WHAT IS NEEDED: This exercise calls for an exact copy of the listing, with no pictures kept.

BEGIN

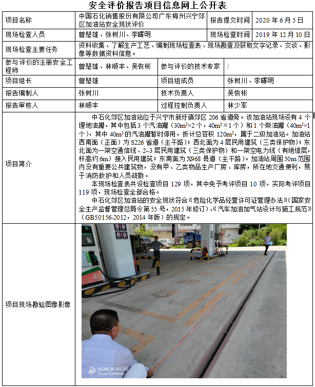 中国石化销售股份有限公司广东梅州兴宁郊区加油站安全现状评价
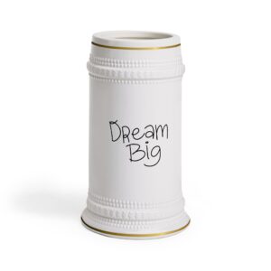 This classic beer stein brings together old-world charm and contemporary durability. The tall 22 oz ceramic mug feels weighty and ritualistic in the hand, with sculpted ridges and a broad handle that makes lifting steady and confident. Thin gold-colored trim at the rim and base adds an elegant accent, while the ORCA-coated surface preserves a bright, long-lasting print. It’s dishwasher-safe for easy cleanup (not for microwave use), and built to be an everyday companion for slow-sipped lagers, celebratory toasts, or quiet evenings at the table.
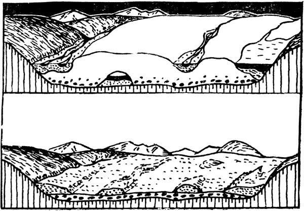 Вверху — ледник в долине; видны надледная и подледная реки, ледниковое озеро и слой морены. После ледника остаются его отложения, заметно меняющие рельеф местности.
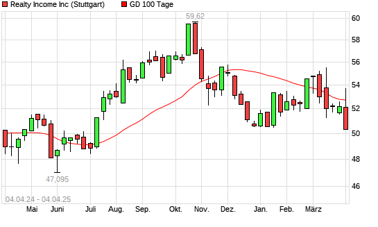 Mit dem Rücksetzer auf 51,72 EUR hat die Realty Income-Aktie am 03.04.2025 die 100-Tage-Linie nach unten gekreuzt.
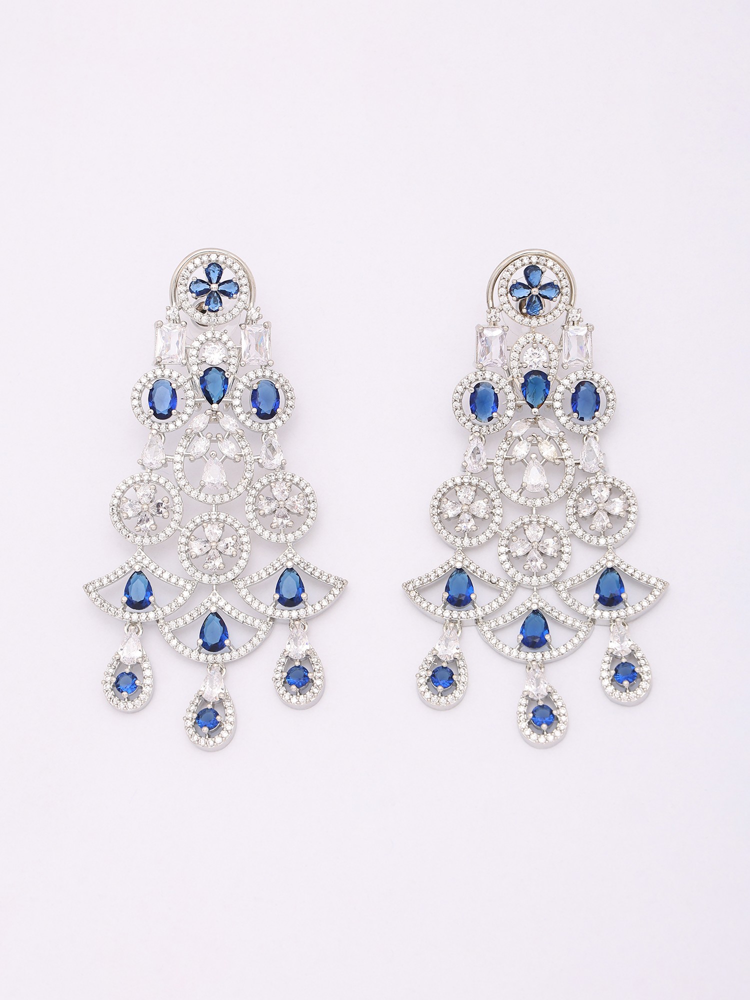 Sparkling CZ and Blue Sapphire Necklace Set with Drop Earrings
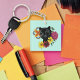 En svart jaguar katt porträtt med färgstark mexikansk bricka och blommor.
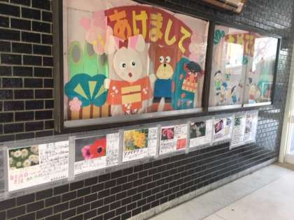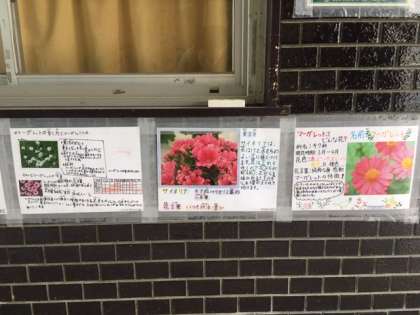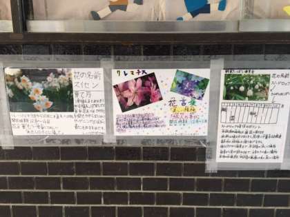 ?今玄関には飼育栽培委員会が作成した花の紹介が掲示されています。

END

SOLUTION TO THIS PROBLEM:
 中国石化销售股份有限公司广东梅州兴宁郊区加油站安全现状评价
 This classic beer stein brings together old-world charm and contemporary durability. The tall 22 oz ceramic mug feels weighty and ritualistic in the hand, with sculpted ridges and a broad handle that makes lifting steady and confident. Thin gold-colored trim at the rim and base adds an elegant accent, while the ORCA-coated surface preserves a bright, long-lasting print. It’s dishwasher-safe for easy cleanup (not for microwave use), and built to be an everyday companion for slow-sipped lagers, celebratory toasts, or quiet evenings at the table.
 Вверху — ледник в долине; видны надледная и подледная реки, ледниковое озеро и слой морены. После ледника остаются его отложения, заметно меняющие рельеф местности.
 Mit dem Rücksetzer auf 51,72 EUR hat die Realty Income-Aktie am 03.04.2025 die 100-Tage-Linie nach unten gekreuzt.
 Sparkling CZ and Blue Sapphire Necklace Set with Drop Earrings
 En svart jaguar katt porträtt med färgstark mexikansk bricka och blommor.
 ?今玄関には飼育栽培委員会が作成した花の紹介が掲示されています。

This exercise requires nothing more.